Размер шрифта
-
+

Жак-француз. В память о ГУЛАГе - стр. 3

Жак Росси не улыбнулся, а ведь позже я узнаю, с какой иронией относится он к себе самому и ко всему свету.

Мы всё еще стояли в дверях; он протянул мне свой curriculum vitae, три машинописные странички на английском языке. Я отступила поближе к лампе, он шагнул в кабинет. Я заглянула в документ самым что ни на есть «бюрократическим» взглядом, чтобы сразу выделить и ухватить самое важное, то есть самое полезное. В глаза мне бросилась строка в рубрике «Образование»: «Наука выживания, архипелаг ГУЛАГ, 1937–1957»[1]; две предыдущие строки свидетельствовали о другом типе образования: диплом по изобразительному искусству, Берлин, Академия на Гарденберг-плац и Школа изобразительных искусств, Париж, 1929–1934, а также диплом по восточным цивилизациям (история и язык Китая и Индии) из Сорбонны и Школы восточных языков, Париж, 1929–1936.

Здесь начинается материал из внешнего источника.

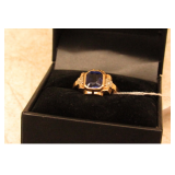 Ladies 14KT Gold Ring with Large Sapphire and Diamonds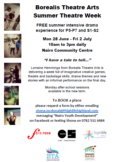 P5-P7 FREE Summer Drama Classes 9Jun 2021Add a comment See information below about free drama classes for children in P5-P7 available in Nairn Community Centre during the first week of the summer holidays. Share this: Click to share on X (Opens in new window) X Click to share on Facebook (Opens in new window) Facebook Like Loading... Related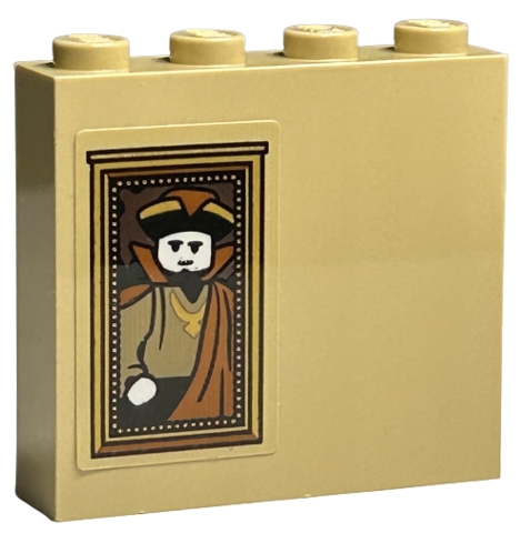 Brick 1 x 4 x 3 with Picture of Wizard with Dark Orange Cape in Gold Frame Pattern (Sticker) - Set 40577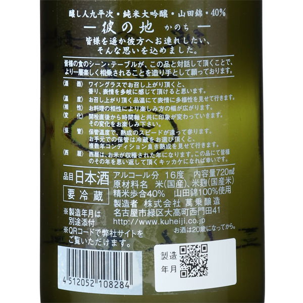 彼の地(かのち)は、皆様を遥か彼方へお連れしたい、そんな思いを込めて命名されました。山田錦40%精米の純米大吟醸です。洋ナシやイチゴ、アカシアの花の香り。果実味を強く感じますが、余韻に残る酸が心地よく、料理と合わせたいバランスの良さです。フレッシュな味わいの要素がギュッと詰まっているため、時間の経過と共に旨味が力強くなり、熟成するポテンシャルも感じていただける一品です。贈り物としてご購入のお客様へ
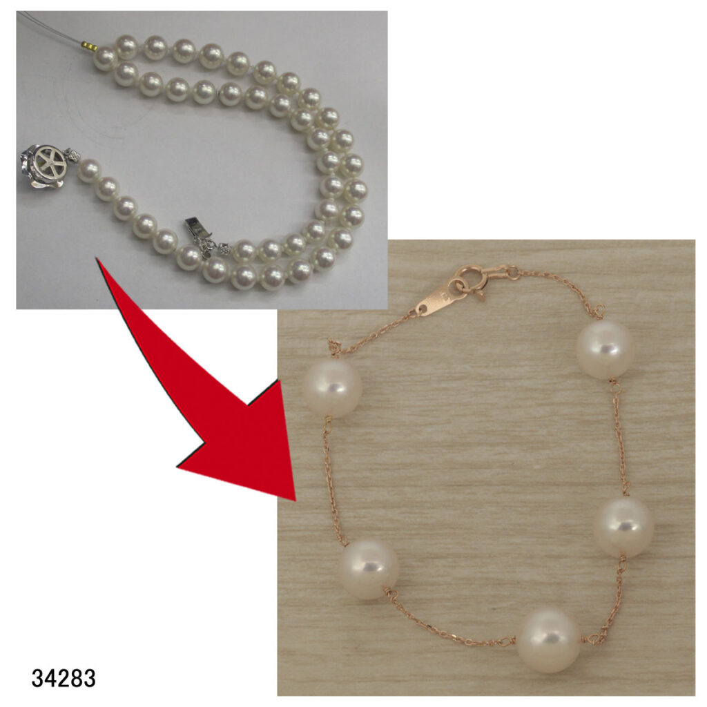 34283K18PGパールネックレスブレスレットリフォーム

Я сохранила этот куррикулум; он лежит передо мной теперь, когда я пишу эти строки. Вначале Жак обозначил свою цель; цитирую в точном переводе с английского: «Ищу возможности продлить свое пребывание в Соединенных Штатах в качестве временного сотрудника высшего учебного заведения, что позволило бы мне зарабатывать на жизнь преподаванием и лекциями о том, что мне известно из первых рук. Хочу также воспользоваться этим временем, чтобы подготовить публикацию научного труда, посвященного советским трудовым лагерям, с которыми знаком по собственному опыту».

Жак Росси родился в 1909 году и двадцать лет провел в ГУЛАГе. ГУЛАГ был его школой, его университетом, его опытом, его карьерой и одновременно – объектом его исследований. Так он обозначил ГУЛАГ в своем куррикулуме, такое место отвел ему в своей жизни.

Потрясенная, я опустилась на стул, предназначенный для студентов и посетителей, и кивнула ему на второй стул. В тот вечер мы мало говорили о курсах французского языка и об иезуитах Джорджтаунского университета, которые предоставили ему возможность заниматься в университетской библиотеке, чтобы он мог завершить свой «Справочник по ГУЛАГу», исследование, основанное на личном опыте. Зато мы сразу заговорили о ГУЛАГе и уже не изменяли этой теме. Ах, как неподражаемо Жак говорил об этом, с каким блеском и с каким смирением, с какой трезвостью и с каким язвительным черным юмором!

В тот вечер мне начал приоткрываться один из секретов его жизни. Нет, Жак не считал себя невинной жертвой. Ему, истовому коммунисту, коминтерновцу, бросившемуся изо всех сил участвовать в разрушении мира капитализма, повезло: в ГУЛАГе он обрел школу правды. Да, погоня за химерой дорого ему обошлась, но цена была справедливая. Он был чуть ли не благодарен судьбе за эту науку.

Не скажу, что я сразу поняла эту идею, на которой Жак так настаивал. Сперва я смотрела на него как на жертву, как на человека, пережившего концлагерь, чудом избежавшего гибели. Я ведь и сама внучка депортированных и тему лагерей воспринимаю обостренно. Годами, пока мы пытались хоть что-нибудь узнать об их судьбе, и даже потом, когда взрослые уже знали, что надежды больше нет, я ждала, что дедушка и бабушка вернутся из нацистских лагерей, и верила, что однажды они постучатся в дверь нашей квартиры, как постучался Жак Росси в дверь моего кабинета.

Между нами сразу возникла симпатия, родилось доверие, мы стали друзьями с первой секунды, даже прежде чем я как следует изучила его куррикулум, из которого стало ясно, что этот человек, одновременно такой хрупкий и такой сильный, заглянул в лицо Горгоне и уцелел.